WORK INSTRUCTION
Please output exactly the lines below, starting at the line that has "Het Taywan dressoir" and ending at the line that has "Sponsorship levels range", both included; leave out all pictures and include nothing else.

PROVIDED ENTRIES
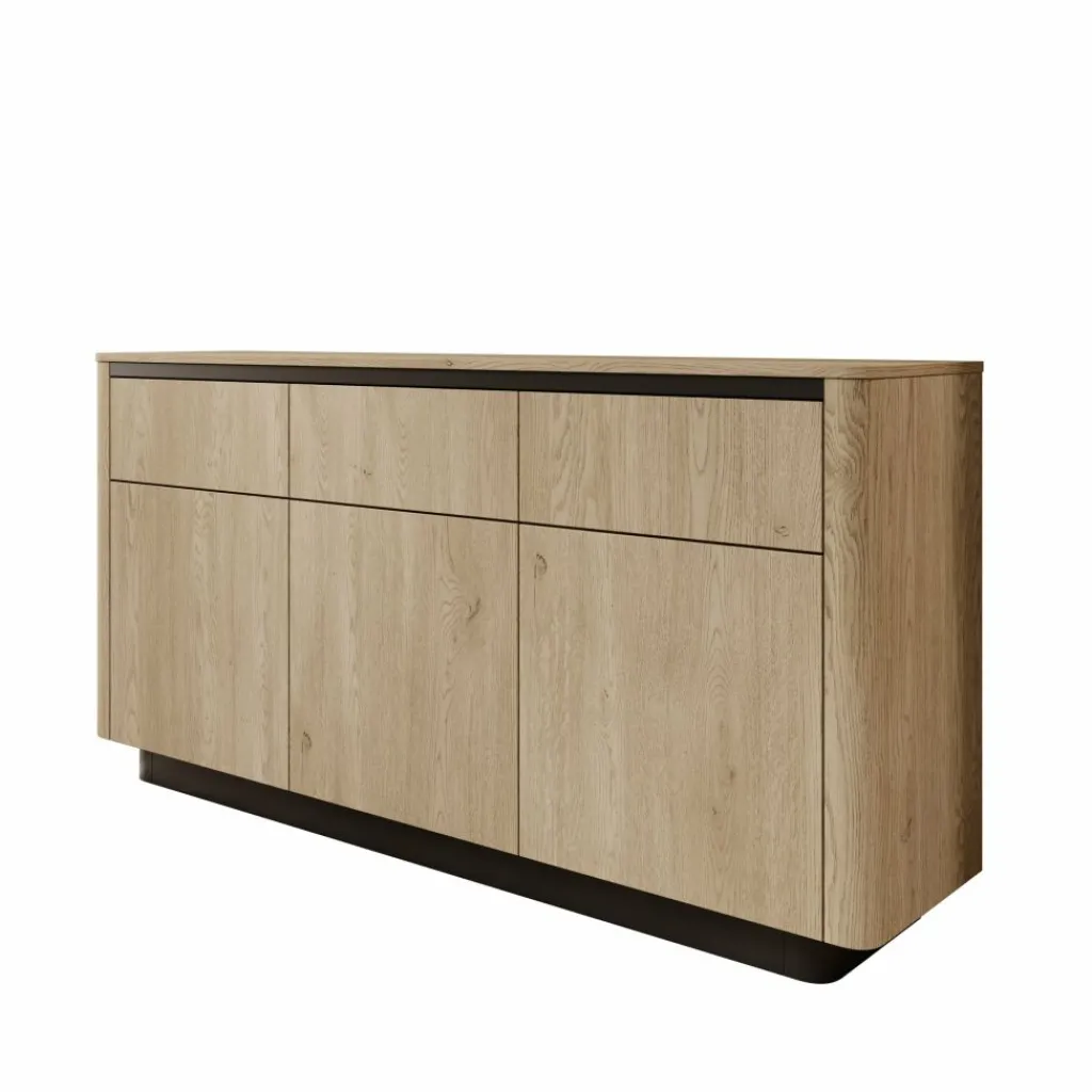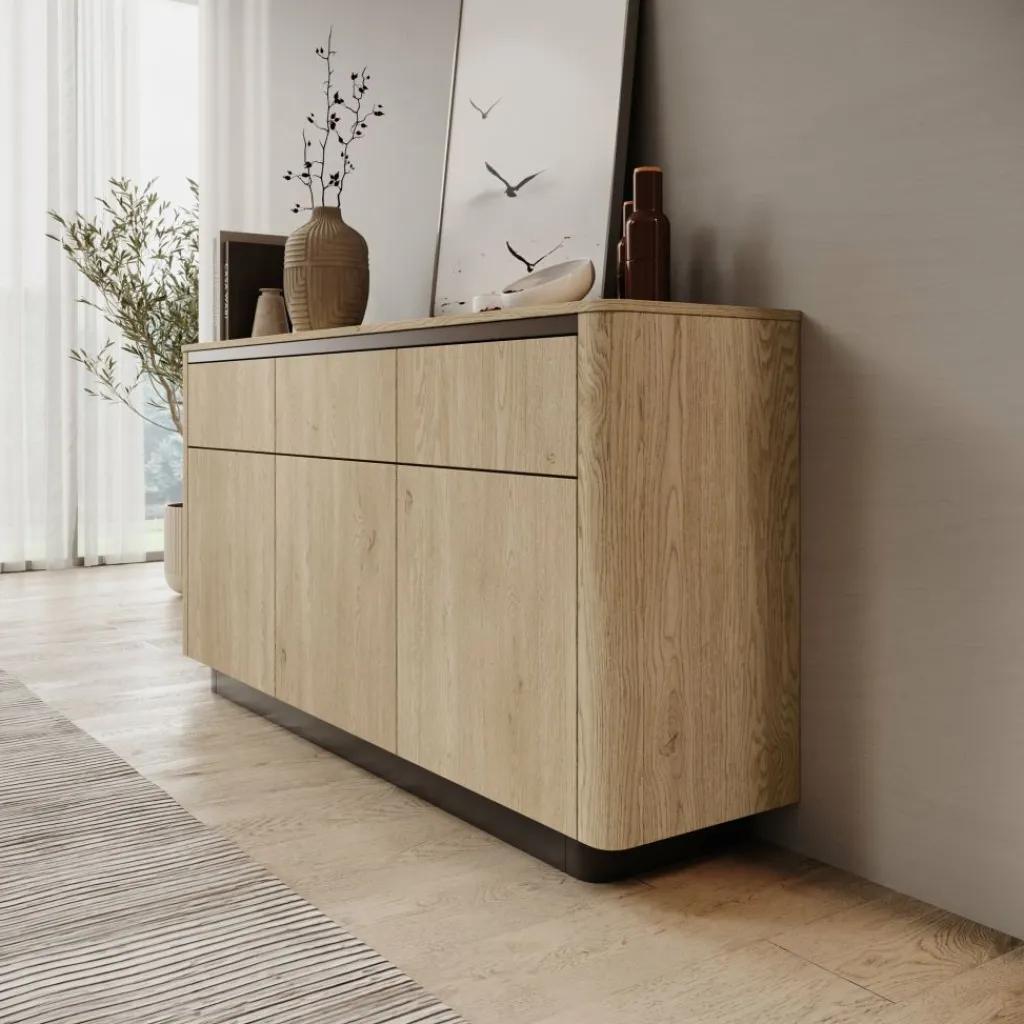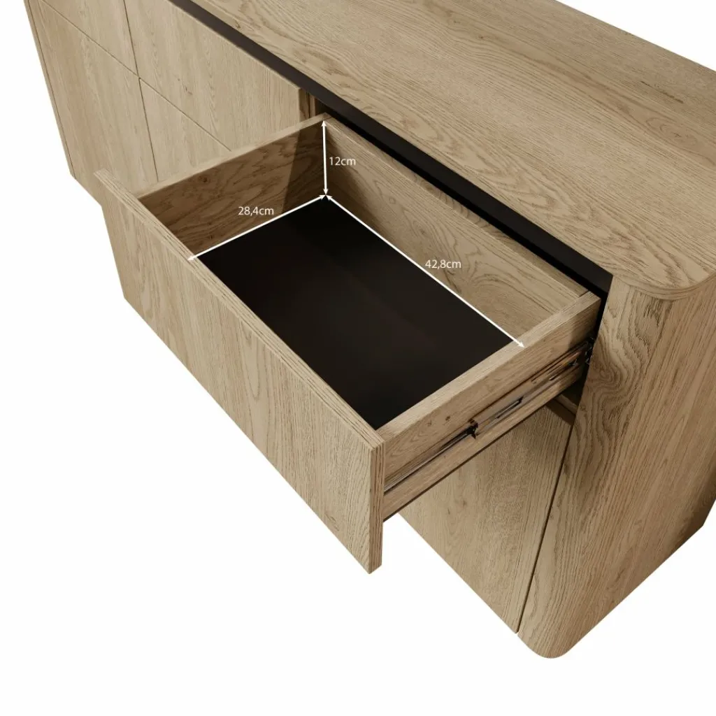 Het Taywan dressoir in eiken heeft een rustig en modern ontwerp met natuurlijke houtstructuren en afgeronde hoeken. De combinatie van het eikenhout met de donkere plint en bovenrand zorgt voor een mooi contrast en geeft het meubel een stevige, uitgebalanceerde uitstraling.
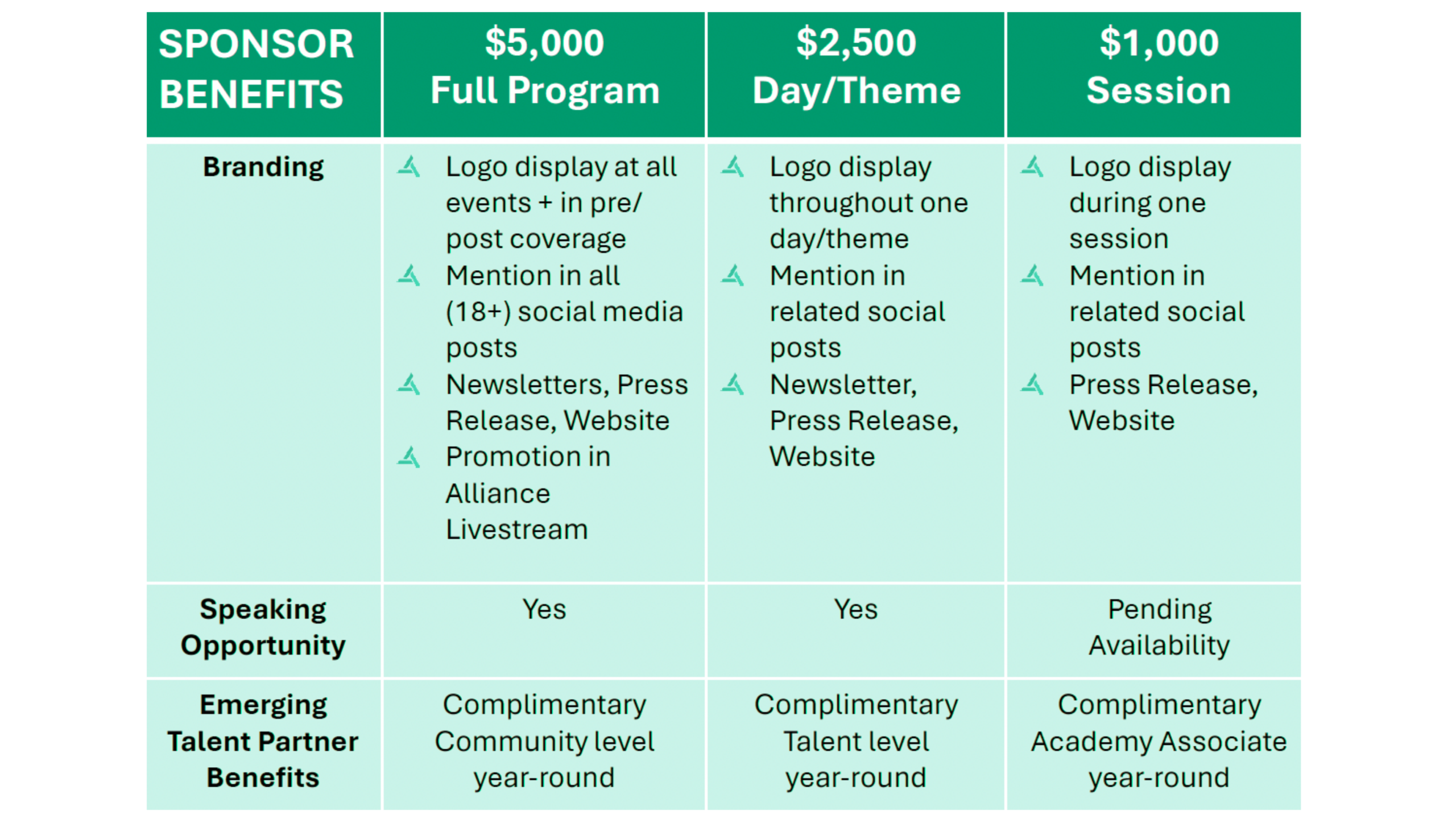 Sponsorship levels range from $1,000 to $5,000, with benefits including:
...
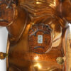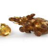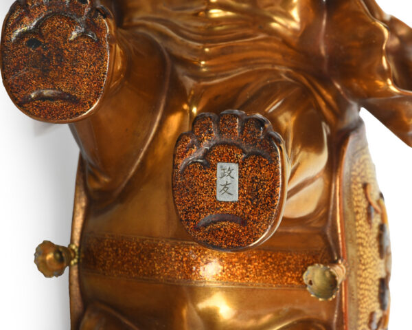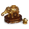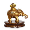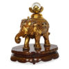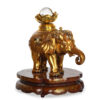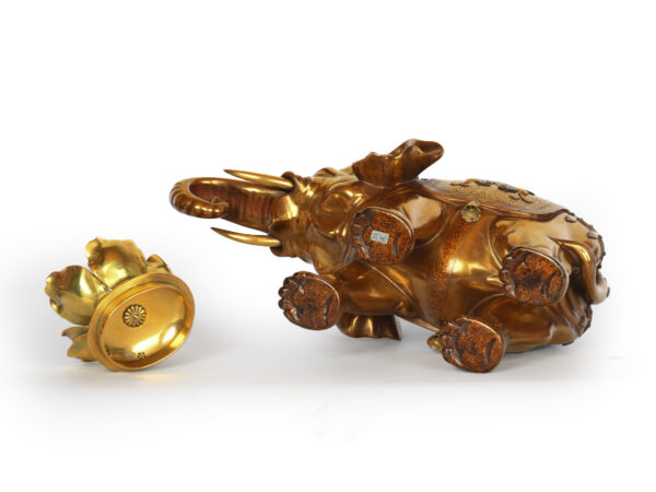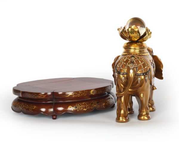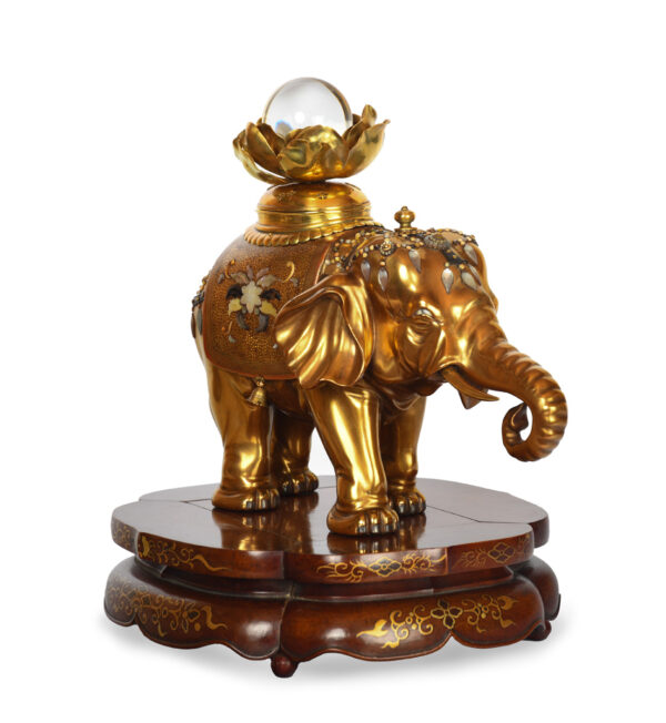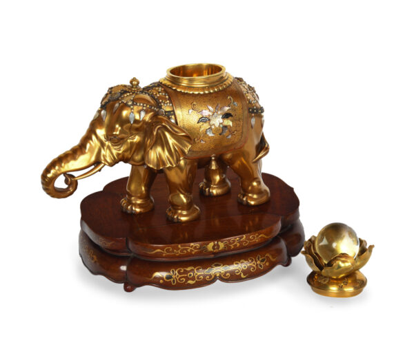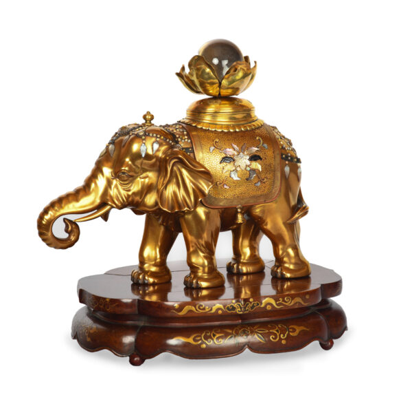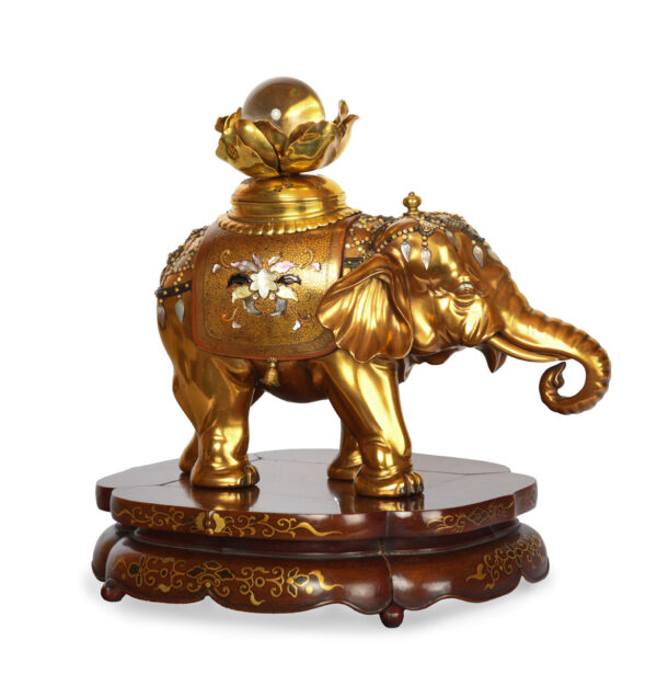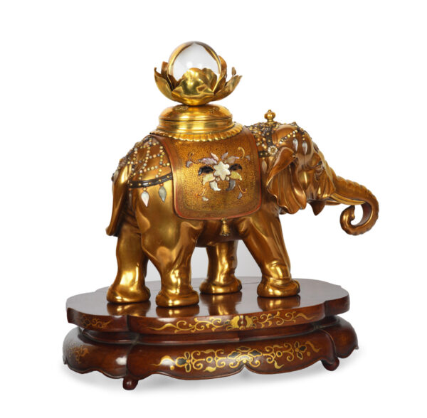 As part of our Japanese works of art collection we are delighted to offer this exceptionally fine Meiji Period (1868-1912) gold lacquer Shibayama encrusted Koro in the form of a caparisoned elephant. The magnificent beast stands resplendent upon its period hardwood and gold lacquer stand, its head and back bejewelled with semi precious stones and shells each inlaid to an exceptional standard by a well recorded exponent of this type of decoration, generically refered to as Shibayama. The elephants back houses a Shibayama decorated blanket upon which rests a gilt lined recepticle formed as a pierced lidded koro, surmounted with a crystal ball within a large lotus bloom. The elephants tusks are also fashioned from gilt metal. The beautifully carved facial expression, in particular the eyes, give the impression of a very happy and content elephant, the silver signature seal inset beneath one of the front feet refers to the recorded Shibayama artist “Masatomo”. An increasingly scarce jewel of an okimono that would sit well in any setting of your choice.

WRITTEN RESPONSE
 Het Taywan dressoir in eiken heeft een rustig en modern ontwerp met natuurlijke houtstructuren en afgeronde hoeken. De combinatie van het eikenhout met de donkere plint en bovenrand zorgt voor een mooi contrast en geeft het meubel een stevige, uitgebalanceerde uitstraling.
 Sponsorship levels range from $1,000 to $5,000, with benefits including:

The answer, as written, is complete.